The land question remains a question in that the answer to it is often avoided. There has been a plethora of interventions on the land question, but there is political paralysis in dealing with the question that squarely confronts the land question, let alone with the fact that the conception of being – the ontological entity so to speak – is rendered absent, if not erased, from the land question. The absence of being suggests that the importance of land has nothing to do with those to whom land is of paramount importance. Added to that, the story of antiblack racism is a continuing silence. This means that there is no race in the land question; the land question is a question with no racist-settler-colonial past and its aftermath.

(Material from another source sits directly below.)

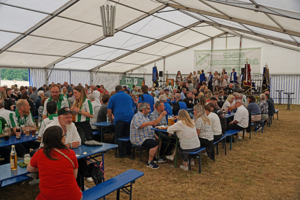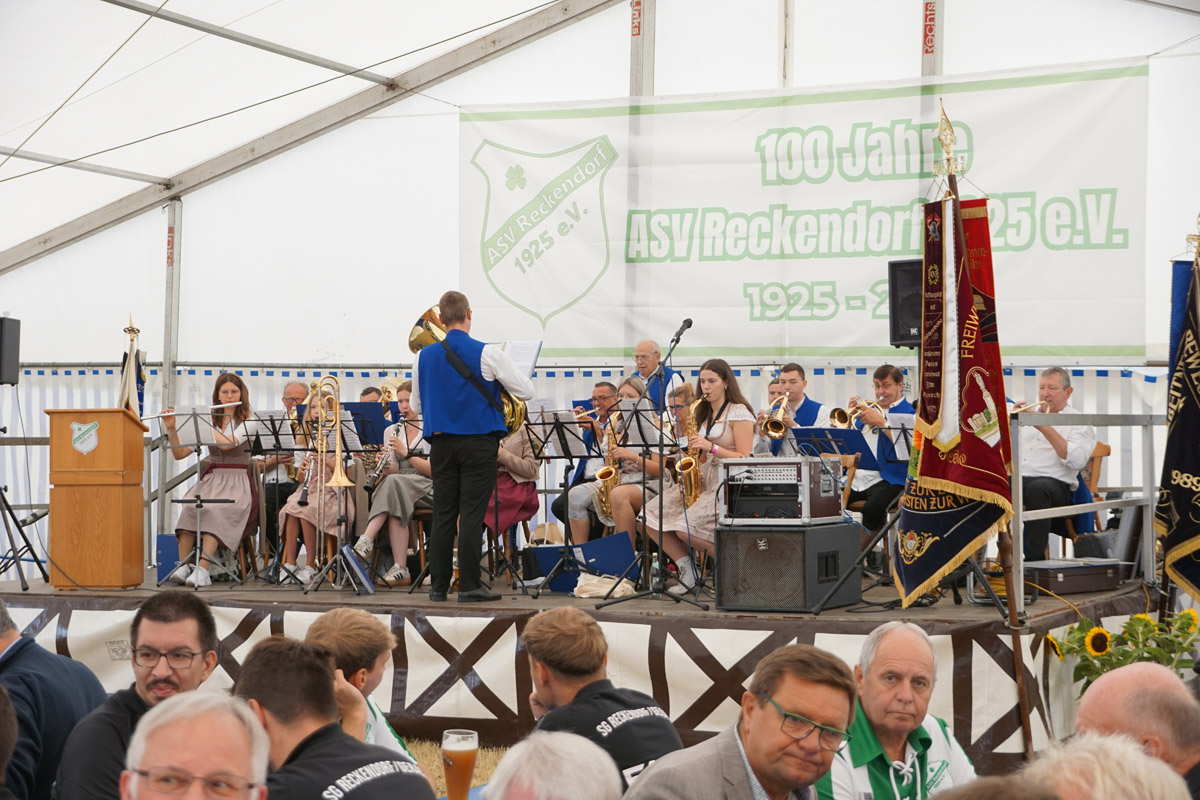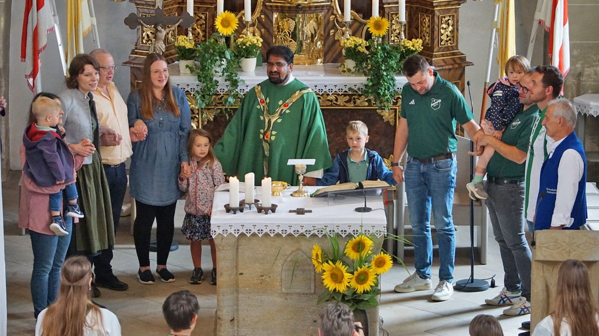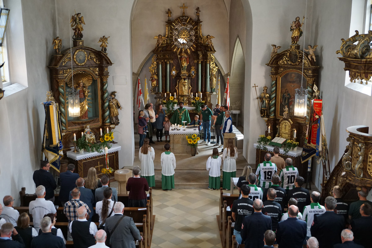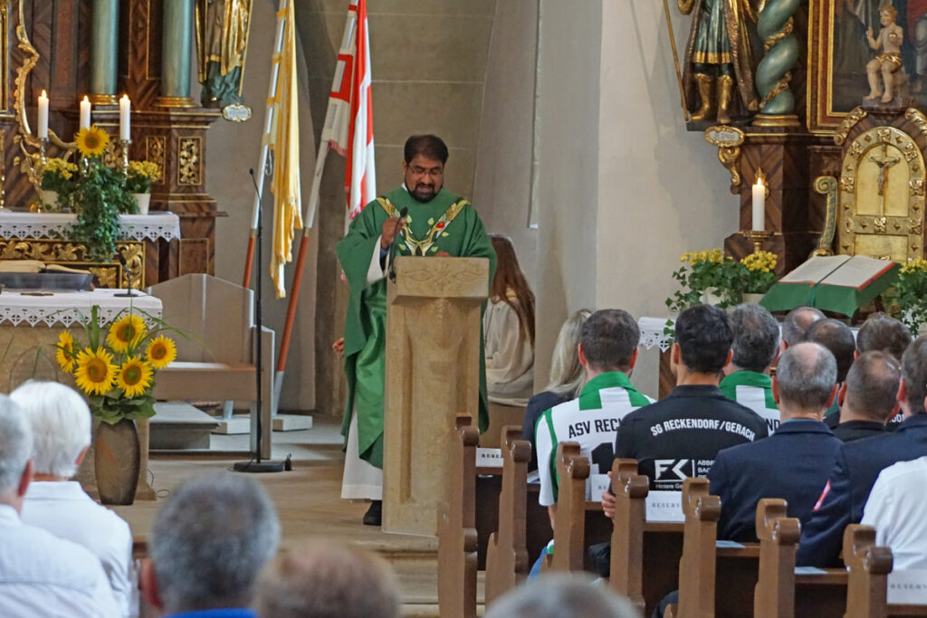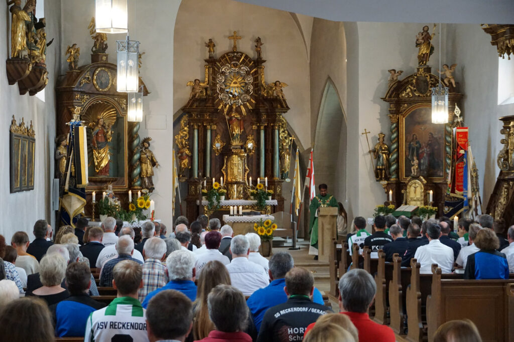 Die Pfarrkirche St. Nikolaus in Reckendorf ist gut besucht, als Pfarrer Vincent Moolan Kurian den Festgottesdienst zum 100-jährigen Jubiläum des ASV Reckendorf zelebriert. Danach führt der Festumzug zum Festzelt neben dem Sportgelände.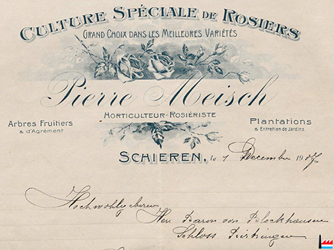 Pierre Meisch, Schieren, horticuleur-rosériste - culture spéciale de rosiers - Grand choix dans les meilleures variétés - an Baron von Blockhausen - Schloss Birtringen (Extrait d'une lettre de 1.12.1907; collection ANLux)

The origin of the land question
The origin of the land question can be located in the historical scandal of the racist-settler-colonial arrangement that stretches as far back as the colonial encounter of 1652. Thami ka Plaatjie (2003, 287) argues that ‘the land crisis in this country dates back to 1652, when the first white settlers arrived to stay in the country and commenced dispossessing Africans of their land’. The Natives Land Act (No. 27 of 1913) is not the beginning of land dispossession as the post-1994 land discourse seems to suggest, but rather a continuation of the racist-settler-colonial land theft that was inaugurated in 1652. The difference, of course, is that the Natives Land Act legalized land theft and institutionalized, naturalized and normalized the existential condition of landlessness of the black. It is still unimaginable, according to Wellington Thwala (2002, 2), that the ‘Native[s] Land Act resulted in only 10 per cent of the land [being] reserved for blacks’. According to Lungisile Ntsebeza (2005, 2–3), this was notorious legislation that ‘appropriated more than 90 per cent of the land surface’. As a result, white farmers benefited from substantial farming subsidies, while black agriculture was constrained and depleted. This was followed by the passing of the Native Trust and Land Act (No. 18 of 1936), which allocated the already promised land to the reserves (the areas geographically marked for black people, who did not have the right to own property there).